To encourage investment, the government eliminated a 2 percent export tax on coffee and cotton and lowered the general sales tax from 15 percent to 10 percent. The government also granted tax incentives for exporters of nontraditional products under a new export-promotion act. Like previous governments, the Chamorro administration announced it would extend preferential long-term credit for agro-industrial development.

Nicaragua

Nicaragua - LABOR

Nicaragua

Composition of the Labor Force

In 1989 the total labor force consisted of approximately 1,277,000 persons. Almost one-third of the labor force is made up of women, and about one-third of all working-age women hold jobs. In general, members of the labor force are relatively unskilled and have a high degree of mobility, frequently changing jobs or moving to other areas of the country to obtain work. Agriculture accounts for more than 30 percent of all employment, and workers outside of agriculture are more likely to be self-employed in small family-owned enterprises than salaried employees of larger concerns.

Approximately 40,000 new people usually enter the Nicaraguan labor force each year. Throughout the 1980s, many Nicaraguan workers were diverted from productive economic activities to the war effort. The 1990 demobilization of the military, however, added 50,000 persons to the work force.

Nicaragua entered the 1980s with a severe scarcity of skilled labor, especially technicians and other professionals.

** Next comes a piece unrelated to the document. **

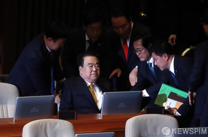 [서울=뉴스핌] 이형석 기자 = 27일 오후 서울 여의도 국회에서 의장석에 오르지 못한 문희상 국회의장이 자리에 앉아 있다. 이날 자유한국당 의원들이 선거법 개정안 표결을 막기 위해 국회 의장석 통로를 점거했다. 2019.12.27 leehs@newspim.com

A "brain drain"--more than half a million professionals moved out of the country during the Sandinista era--further robbed the country of the expertise needed to staff its institutions. As many as 70 percent of Nicaraguan graduates with a master's degree in business administration were estimated to be in self-imposed exile in 1990.

Employment Conditions

Conditions of work are covered by several labor laws and are also spelled out by articles in the 1987 Nicaraguan constitution. The constitution specifies no more than an eight-hour workday in a forty-eight-hour (six-day) work week, with an hour of rest each day. Health and safety standards are also provided for by the constitution, and forced labor is prohibited.

The Labor Code of 1945, patterned after Mexican labor laws, was Nicaragua's first major labor legislation. Provisions of the code prohibited more than three hours of overtime, three times a week. Workers were entitled to fifteen days of vacation annually (eight national holidays and seven saint's days). The Nicaraguan social security program, passed in 1957, enumerates workers' benefits, including maternity, medical, death, and survivors' benefits; pensions; and workers' compensation for disability.

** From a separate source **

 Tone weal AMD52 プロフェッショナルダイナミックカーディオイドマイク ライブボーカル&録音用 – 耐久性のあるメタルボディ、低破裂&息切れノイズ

The constitution provides for the right to bargain collectively. In addition, the Labor Code of 1945 was amended in 1962 to allow for sympathy strikes, time off with pay when a worker has been given notice of an impending layoff, and the right to claim unused vacation pay when terminated. The minimum age for employment is fourteen, but the Ministry of Labor, which has the responsibility of enforcing labor laws, rarely prosecutes violations of the minimum-age regulation; young street vendors or windshield cleaners are a common sight in Managua, and children frequently work on family farms at a young age.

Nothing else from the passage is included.